VISIT PALESTINE: CARTOLINE DAI TERRITORI OCCUPATI / 15

Ein Rashash – Aree vietate ai palestinesi

Bilal, seduto accanto a suo figlio, osserva il gregge pascolare.
È ormai pomeriggio quando riconosce il rumore della jeep dell’esercito che si spegne.
Quasi contemporaneamente due coloni con il loro gregge scendono dal pendio dell’avamposto di Malachei Ha Shalom, appena sopra di loro.
Coloni e militari si fanno un cenno di saluto.
Le greggi si disperdono e iniziano a pascolare.
Tre militari si avvicinano a Bilal.
Uno dei tre chiede di mostrare il permesso per pascolare su quella terra: quella è un’area di addestramento militare il cui accesso è vietato senza autorizzazione.
Bilal un tempo  aveva provato a chiedere l’autorizzazione ma gli era sempre stata negata.
Già era assurdo dover chiedere un permesso per accedere alla propria terra, ancora più assurdo che questo permesso non fosse rilasciato per “ragioni di sicurezza”.

Bilal, da quando ha memoria, però non aveva mai visto né sentito nessun training militare in quell’area.
Quella è la terra della sua famiglia, è l’unico posto della zona adatto al pascolo, oltre a quella terra non ci sono alternative: sarebbe costretto a comprare il mangime, che comporterebbe un impegno economico che alla lunga non sarebbe in grado di sostenere.
Suo figlio, che per tutto il tempo è stato accanto a Bilal, fa un passo verso i militari.
Imperterrito chiede il perché: perché dichiarare l’unico terreno adatto al pascolo della zona area di addestramento militare senza, peraltro, che sia mai stato utilizzato per l’addestramento? Perché cacciare dei pastori dalla loro terra e indurle ad abbandonare le proprie case?

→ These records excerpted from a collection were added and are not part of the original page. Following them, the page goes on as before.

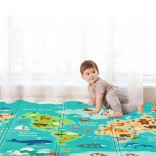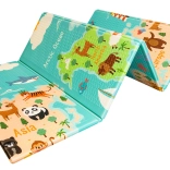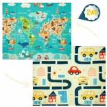 Ena stran z barvnim zemljevidom sveta in živalmi, druga z mestom in cestami za avtomobilčke. Dve izobraževalni temi v eni podlogi razvijata domišljijo in znanje.
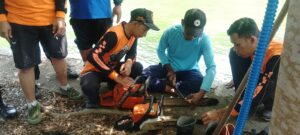 Rangkaian pelatihan meliputi simulasi evakuasi korban tenggelam, pelatihan penggunaan gergaji mesin, serta teknik menebang pohon tumbang secara aman. Materi ini diberikan agar seluruh personel memahami prosedur kerja yang tepat guna menghindari kecelakaan kerja di lapangan.
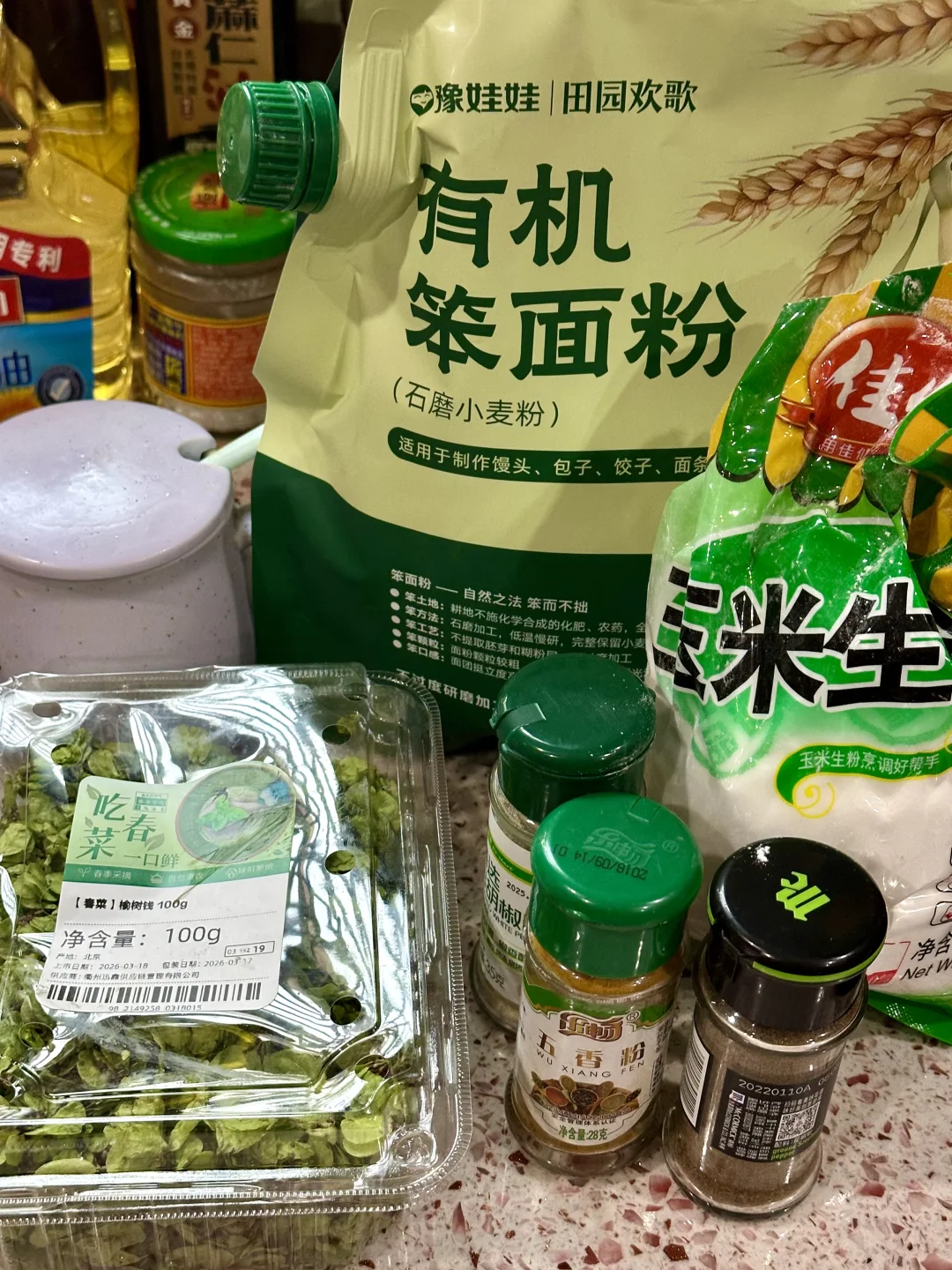 榆树钱100g,中筋面粉80g,玉米淀粉30g,盐3g,白胡椒粉适量,清水适量。
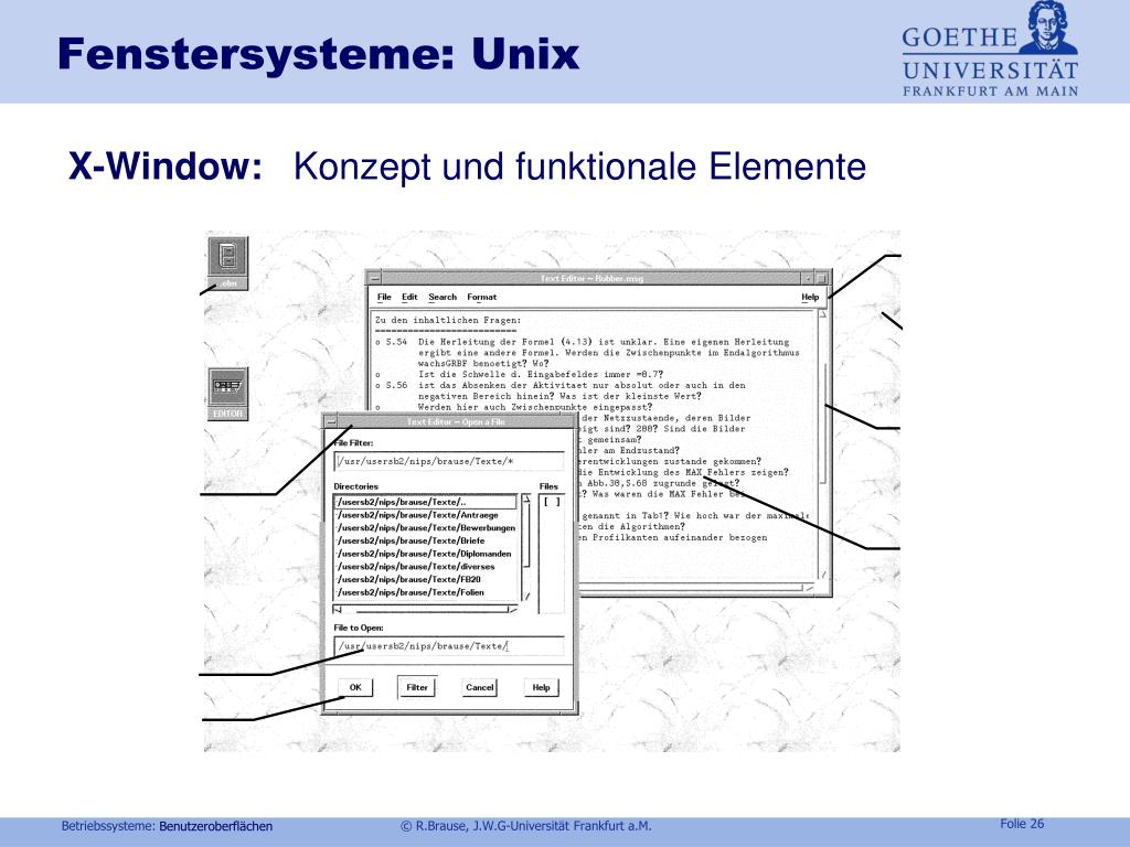 Fenstersysteme: Unix X-Window: Konzept undfunktionale Elemente Benutzeroberflächen
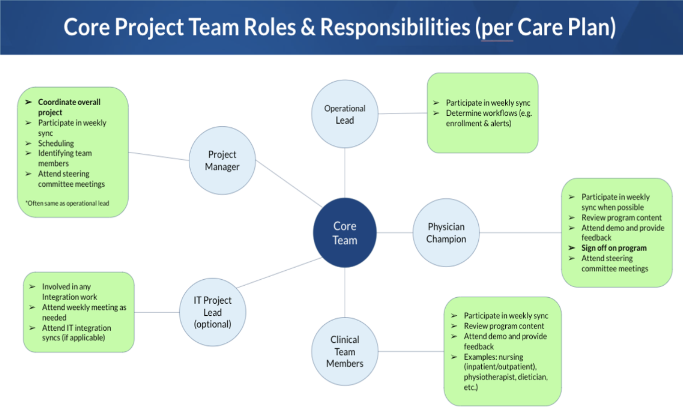 Physician Champion: This will be the lead provider to support and give final sign-off on the program. They would be encouraged to attend weekly meetings, offer input on content, sign off on final content and alerts, and attend steering committee meetings.
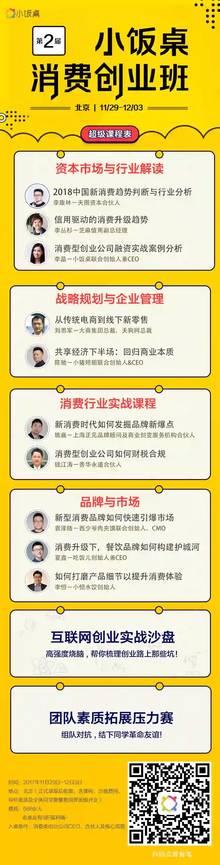 第2届小饭桌消费创业班11月29日重磅开课,在为期5天的课程中,我们邀请到天图资本合伙人李康林、芝麻信用副总经理李丛杉、小猪短租CEO陈驰等十几位大咖导师从商业模式、行业趋势等角度全方位解读消费型创业公司所关心的品牌、用户、供应链、渠道等核心问题。
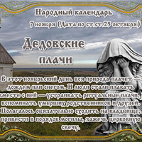 СЕГОДНЯ 7 НОЯБРЯ ДЕДОВСКИЕ ПЛАЧИ Этот день в 2021 году - https://www.asienda.ru/post/59149/ В 2022 году - https://www.asienda.ru/post/60496/ В 2023 году - https://www.asienda.ru/post/61862/ В 2024 году - https://www.asienda.ru/post/62722/ Больше информации об этом днев разделе "Праздник каждый день" 2017 - https://www.asienda.ru/post/47186/ ПРИМЕТЫ НА 7 НОЯБРЯ: - Если 7 ноября стоит сухая погода, то зима будет морозной и с метелями... Читать далее»
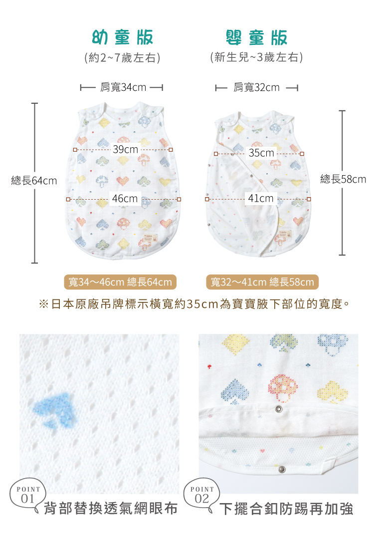 蘑菇森友會 瞬拆涼感天絲三層紗防踢背心 嬰童(可拆替換透氣排汗網眼布)

Nessuna delle sue domande riceve una risposta.
I militari danno ordini, non spiegazioni.
A questo punto le opzioni sono due: andarsene o essere arrestati.
La giornata di pastorizia è terminata, se i soldati e i coloni non fossero arrivati se ne sarebbero andati comunque.
Così Bilal richiama il gregge e invita suo figlio a seguirlo.
Se ne vanno accompagnati dalla minaccia di essere arrestati, se fossero tornati su quella terra, la loro.
Nel tragitto verso casa restano in silenzio, solo il rumore del gregge in movimento.
Bilal mette una mano sulla spalla del figlio e cerca il suo sguardo.
Riconosce una scintilla che gli illumina gli occhi.
È una scintilla che aveva visto molte volte negli occhi dei suoi genitori, di sua moglie, dei suoi fratelli, di tutta la sua comunità.
È la scintilla della determinazione, dell’amore per la propria terra e storia, del sacrificio, della speranza, della sofferenza, del desiderio di cambiamento.
È la scintilla della resistenza.
Non c’è bisogno di dire nulla.
Domani torneranno al pascolo, anche a rischio di essere arrestati.

L’ area C costituisce circa il 60% della Cisgiordania, di cui il 30% è definito “area di addestramento militare”.
Si tratta di aree vietate ai palestinesi destinate ai training dell’esercito israeliano, tuttavia si stima che circa l’80% di queste aree non siano utilizzate per l’addestramento.
Zone interdette ai palestinesi sono anche le riserve naturali e i parchi nazionali che occupano circa il 6% dell’area C, e le cosiddette “terre di Stato” che ricoprono circa il 22%.
Per “terre di Stato” si intendono, da una parte, i terreni che appartenevano al governo giordano e trasferiti alle autorità israeliane nel 1967, dall’altra, terreni dichiarati come tali da Israele dopo il 1967.
Complessivamente circa il 60% dell’area C è chiusa ai palestinesi, a meno che non si ottengano permessi speciali da parte dell’autorità israeliana, che li concede molto raramente.
Tuttavia, anche nel restante 40% Israele limita ogni possibilità di vita e sviluppo delle comunità palestinesi, approvando molto raramente le richieste di permessi di costruzione.
In contrasto alla politica restrittiva riservata alle comunità palestinesi, gli insediamenti israeliani sono finanziati dal governo e in continua espansione e viene incentivata la loro crescita.